All companies, are trying to accumulate as much cash as possible. NBK is actively involved on a day to day basis and working with their portfolio companies to implement measures that would preserve cash in the companies. The focus is on the collection side as well as delaying unnecessary expenses. 


Also, the companies are fully drawing their existing bank lines, in case they won’t be able to in the future, since there is a lot of liquidity constraint within the banking system. It could be the case where additional bank lines may not be easily secured going forward. 


On the positive side, there are benefiting sectors as well. For example, temporary power businesses (generators) and some infrastructure projects are doing relatively well. There hasn’t been much decline. The education sector on the other hand is suffering. Parents are not very willing to pay fees for the summer and most of them are asking for refunds. So, there are many challenges there. 


Private equity funds in MENA are very busy trying to sort out their own portfolio company issues. New investments were not in the immediate agenda. Private debt is emerging though. 


The on-going investments are continuing but slow. Q2 numbers are being awaited in many of the current transactions to see whether resizing or revaluation will be necessary or not. NBK is focusing on private credit recently.


Horizon Capital team has been focusing on investing in Ukraine and Moldova for more than 20 years and, naturally, has developed a very good understanding of these particular markets. Having experienced several economic downturns in the past, Horizon Capital has developed several pillars of its investment philosophy, which proved effective during the current downturn. 

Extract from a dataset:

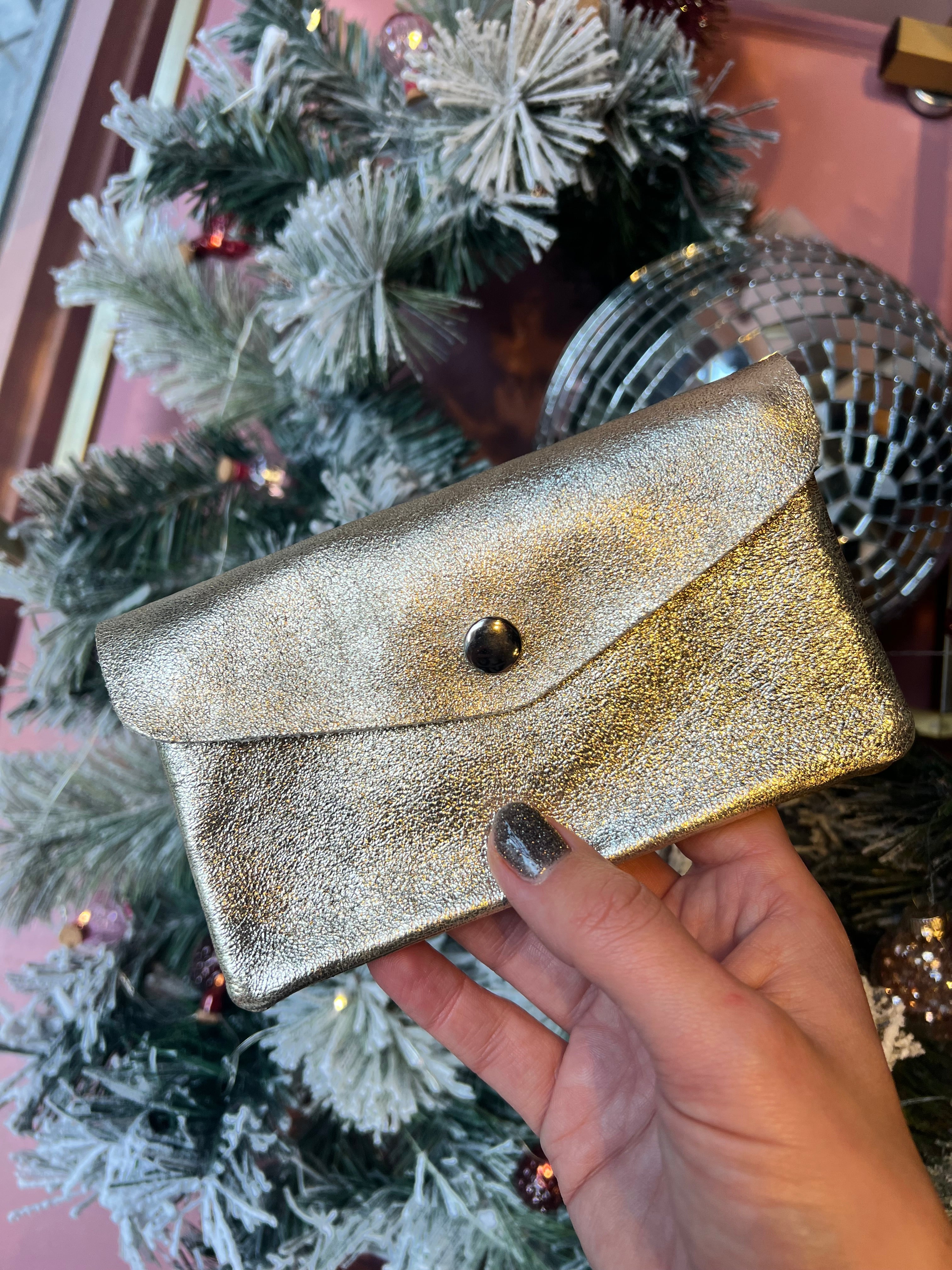 Mooie portemonnee met aan de binnenkant 2 vakjes voor briefgeld of pasjes en 1 vakje met een rits voor kleingeld. De portemonnee is gemaakt van 100% leer.

Horizon Capital’s investee companies have low level of financial leverage, where they had no debt coming into 2020, and no company in the portfolio had more than 1 times EV/EBITDA of net debt. This approach allowed the businesses to be more flexible in current situation and minimized insolvency and illiquidity risks. 

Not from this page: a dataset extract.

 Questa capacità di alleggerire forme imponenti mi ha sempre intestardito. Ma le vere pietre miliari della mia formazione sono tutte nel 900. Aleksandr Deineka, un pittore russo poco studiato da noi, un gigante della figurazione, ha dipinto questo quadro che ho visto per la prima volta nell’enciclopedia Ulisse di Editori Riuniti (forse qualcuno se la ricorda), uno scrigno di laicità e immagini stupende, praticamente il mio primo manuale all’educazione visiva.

Since 2012, Horizon Capital has exclusively been investing into fast growing export-oriented businesses, with significant portion of the portfolio being allocated to internet and software companies. Since COVID-19 outbreak started, internet and software businesses in Horizon portfolio, by and large, continued to grow relative to last year with some businesses, for example, e-commerce experiencing significant acceleration of growth. Interestingly, despite obvious disruptions in global supply and distribution value chains, export-oriented businesses exhibit better results, on average, than business focused on local markets. Exports to developed markets – Northern Europe and the US – have proven to be particularly resilient. Local business, such as healthcare, naturally face the biggest challenges, so hands-on approach with focus on cost-cutting and CAPEX rationalization is key to preserve value in these businesses.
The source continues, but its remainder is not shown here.